Shawkat has not been spotted since his appointment, but his highly secretive lifestyle means that he's hardly mentioned in the Syrian media.

Still, the recent assassination of General Muhammad Suleiman suggests that the trail of deaths and rumors may have weight. The silence of the Arab media in Damascus on the issue - including the usually vocal correspondents from the networks al-Hayat and al-Jazeera - indicate that the issue is deemed too serious and far too sensitive to report.

Lebanese and Middle East affairs expert Nadim Shehadi of Chatham House says the rumors shed a different perspective on the usual stories.

"In answering the question of how strong or weak is Bashar Assad, my answer is that he is as strong as [former Romanian dictator] Nicolai Ceausescu when he met [Queen Elizabeth II] on a state visit in the early 80s," he told ISN Security Watch in Beirut.
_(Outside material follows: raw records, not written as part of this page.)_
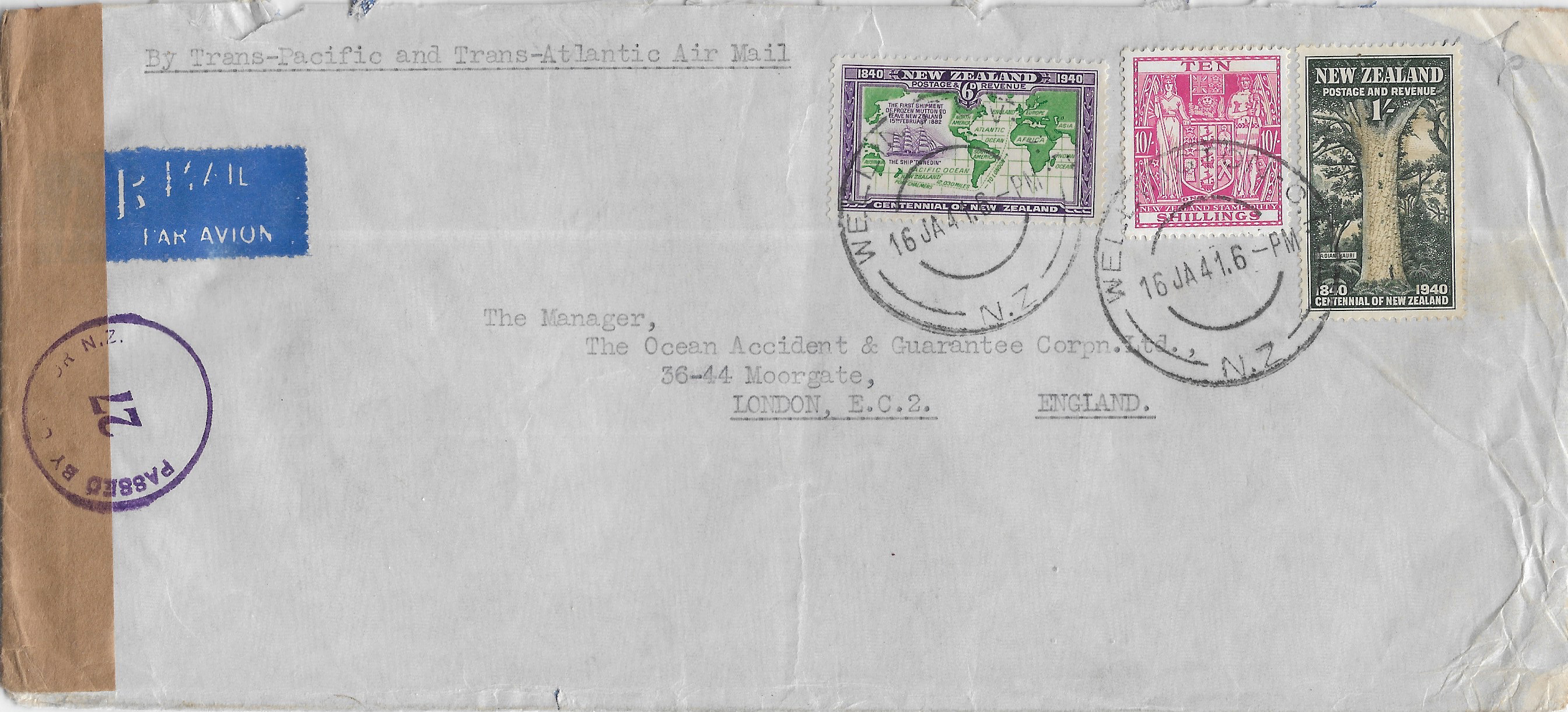 1941 Wellington, NZ to London, England Trans-Pacific - Trans-Atlantic Clipper.
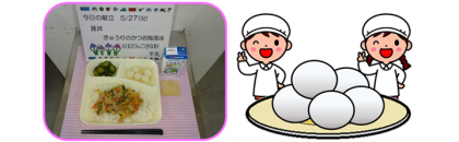 今日の給食では、冷凍加工された白玉だんごをスチームコンベクションオーブンで蒸し、砂糖、しょうゆ、水を合わせて煮て、でんぷんでとろみをつけたたれをからめたものに、きな粉を添えています。
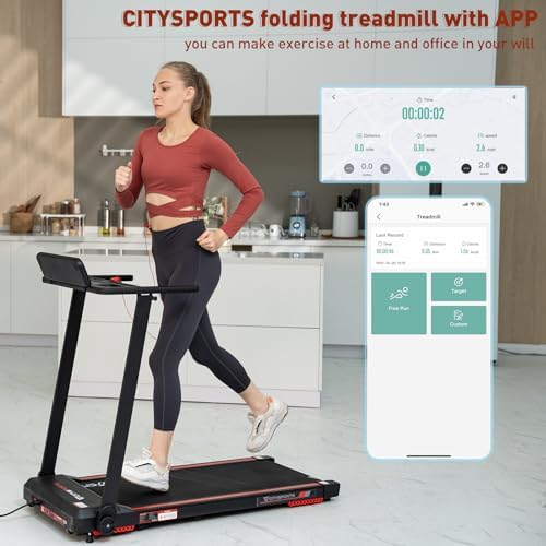 【 Anti-slip Treadmill Belt with APP】 – Home Treadmill with shock absorption to relieve the stress of knees, Treadmill has a multy layer treadmill belt, and built with a high-density lawn texture belt that absorbs shock for premium comfort with the non-slip feature, provides you with a strong cushioning effect and protects your knees, ankles, waist and neck joints, making your exercise safer and more comfortable.
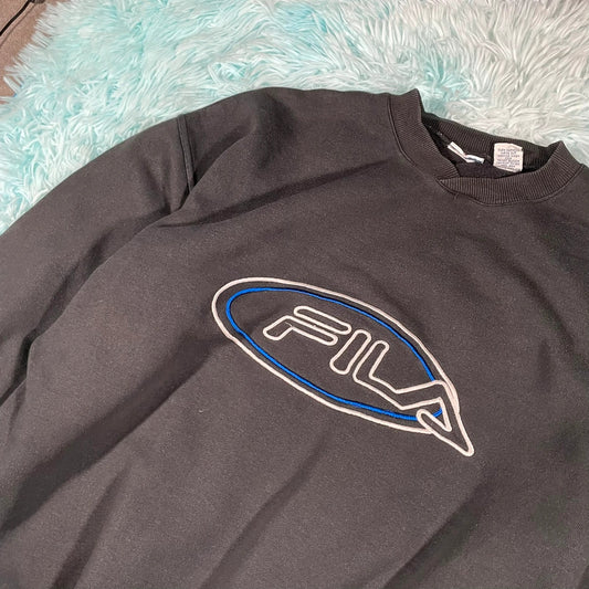 Vintage 90s Black Fila Sweatshirt Embroidered Spellout - Large
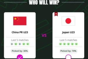 在亚足联官网的U23亚洲杯赛果预测页面,中国队在决赛中的支持率仅有30%,远不及卫冕冠军日本的70%。
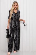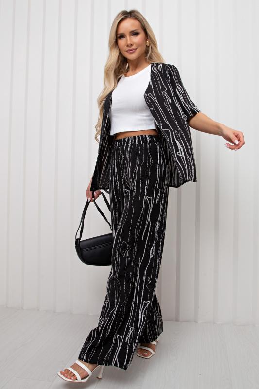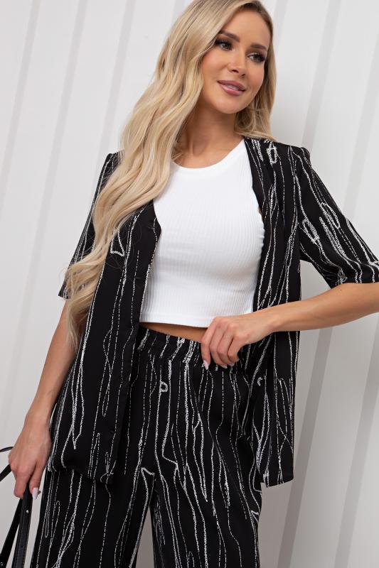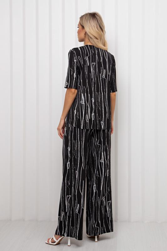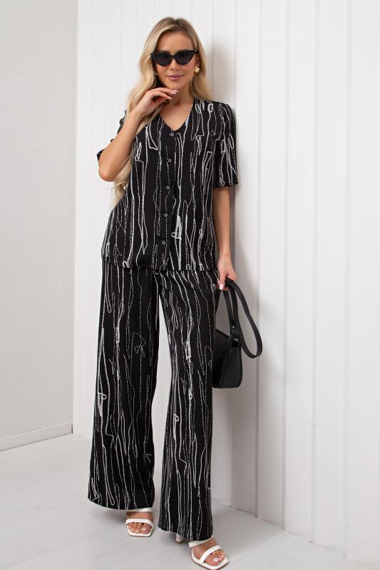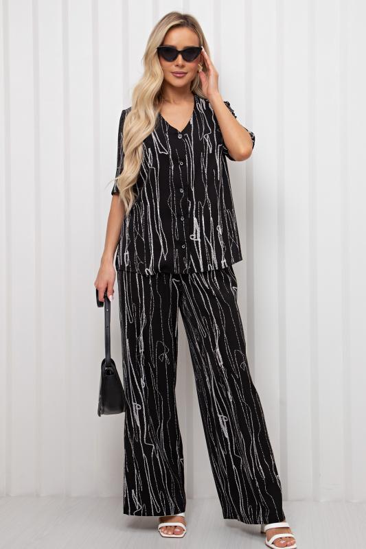 Легкий костюм свободного кроя. Рубашка прямого кроя с коротким втачным рукавом. V - образная горловина, переходящая в планку с застежкой на петли и пуговицы. Низ прямой, по бокам разрезы. Брюки с комфортной посадкой на талии, которую обеспечивает притачной пояс на резинке.
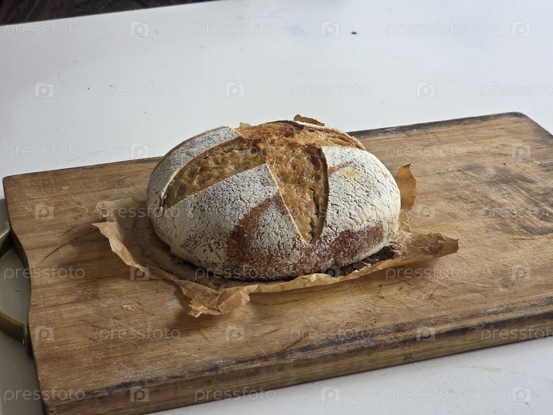 На деревянной разделочной доске лежит буханка хлеба с надрезами. Хлеб покрыт белой и коричневой корочкой
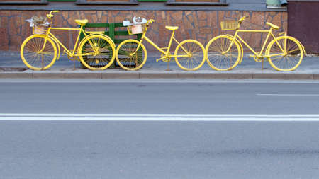 old bicycles painted bright yellow color on the footpath of city street

"Syria will, like an authoritarian state, never have small problems. It will either collapse utterly or continue. That is the paradox of such a state structure - they are both as strong as they appear and as weak as they fear."

Syrian strength, but not stability

Al-Assad's engagement with the West and Israel is much more an economic necessity than a genuine desire for peace and openness. If al-Assad is successful in updating his economic model and finding alternatives, such as possibly vastly increasing gas exports to pay for the loss of oil-money, the regime will continue to strengthen its legitimacy in Syrian society.

In many ways, the Syrian state is at its strongest since the death of Hafez al-Assad in 2000. The opposition is weak and the country is diplomatically being brought back in from the cold. However, these factors should not be mistaken for regime stability.

Despite the Iraq war having strengthened dictators across the Middle East, al-Assad's regime is like any economically feeble and undemocratic state - a fundamentally fragile creature. One that is very vulnerable to events both at home or across the region.